Closed dondi closed 2 years ago

dondi commented 2 years ago

Implement the user interface and functionality for choosing expression datasets to include in an exported workbook.

This task aligns with #935

For maximum flexibility, the user will be allowed to choose from any available dataset, regardless of whether they have used or selected it.

But restrict the selections only to one source at a time, because expression data from multiple sources may not co-exist well, especially with GRNmap.

Onariaginosa commented 2 years ago

New Database SchemaIMG_20210930_165010138.jpgIMG_20210930_165002214.jpgIMG_20210930_164958650.jpg

Onariaginosa commented 2 years ago

I created the beginning functionality of the Export Modal. It looks like this so far: Screenshot from 2021-10-07 11-03-41

dondi commented 2 years ago

@Onariaginosa’s transcribed schema was reviewed and some corrections were made; running copy is stored in GRNsight-archive at https://github.com/dondi/GRNsight-archive/blob/main/documents/SDF/CMSI_4071/fall_2021/Onariaginosa%20Igbinedion/Updated%20Expression%20Database%20Schema.pdf

Work will continue on the UI and database work will continue in parallel

dondi commented 2 years ago

@Onariaginosa has the export dialog largely done and can move on to querying the database to export selected expression data. To do that, @Onariaginosa will test via beta in order to have access to the AWS managed instance.

Onariaginosa commented 2 years ago

I was able to export workbooks with the specified expression sheets as expected, but then I ran into a new problem. Initially it was not recognizing exported expression sheets because they didn't add the suffixes. Screenshot from 2021-10-21 14-40-21

I fixed this, but then the re-imported sheets had the error that the expression sheet data did not have the same genes as those in the expression sheet.
Screenshot from 2021-10-21 14-35-22

I changed it back so that it wouldn't error out, but this should be fixed

dondi commented 2 years ago

@Onariaginosa and @dondi looked this and traced the root cause to a missing id header row on the problematic expression data sheet. However, the sheet also didn't have any data; this issue may be related. @Onariaginosa will investigate.

dondi commented 2 years ago

@Onariaginosa fixed an issue—it was a straightforward typo and fixing the typo seems to resolve the issue. The typo appears to have resulted in an empty query result, but that begs the question of making sure that empty query results, which might happen one day for legitimate reasons, still avoid exporting an incompatible workbook.

Onariaginosa commented 2 years ago

I created an invalid database option to query to see if we get a bad response. I then was able to check each response and make sure that they were valid (had both gene data and time point data). I created the Onariaginosa_temporary branch because beta is currently on pug and attempting to switch to the Onariaginosa branch (when ssh-ed into beta) results in errors. I pulled from beta in the temporary branch in order to use pug, and developed on that branch. These changes can be seen in pull request #940.
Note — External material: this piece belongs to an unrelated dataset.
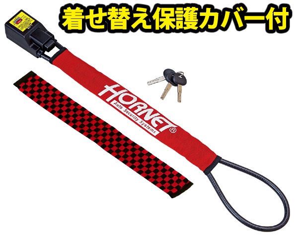 着せ替え保護カバー市松模様 赤黒付き!加藤電機 HORNETメタルワイヤー式ハンドルロック LH-3SR-R

Onariaginosa commented 2 years ago

As I was doing the preprocessing of the files for the new database schema, I noticed that the degradation rates and the production rates don't have a pubmed_id associated with them, but in our new schema, we add a pubmed_id foreign key and I don't know which foreign key these rates are associated with. Additionally, the Dahlquist data is not in the expression_metadata table, or the refs table because we don't have a pubmed_id associated with it.

kdahlquist commented 2 years ago

Ah. I have not published the Dahlquist Lab data yet, so it won't have a PubMed ID (sigh). It does have a GEO ID. We may need to use the GEO ID instead and allow the PubMed ID to be null in the case of the data from my lab. I'm pretty sure I can pull GEO IDs for the other datasets as well. The degradation rates have a PubMed ID, I just need to find it. The production rates do not because they were calculated using the degradation rates. I'm not sure what to do about that.

Onariaginosa commented 2 years ago

Kk, I'll hold off on uploading the production rates and degradation rates to the database, and I'll change the primary key of refs (and all associated foreign keys) from pubmed_id to ncbi_geo_id, and post an updated schema for confirmation.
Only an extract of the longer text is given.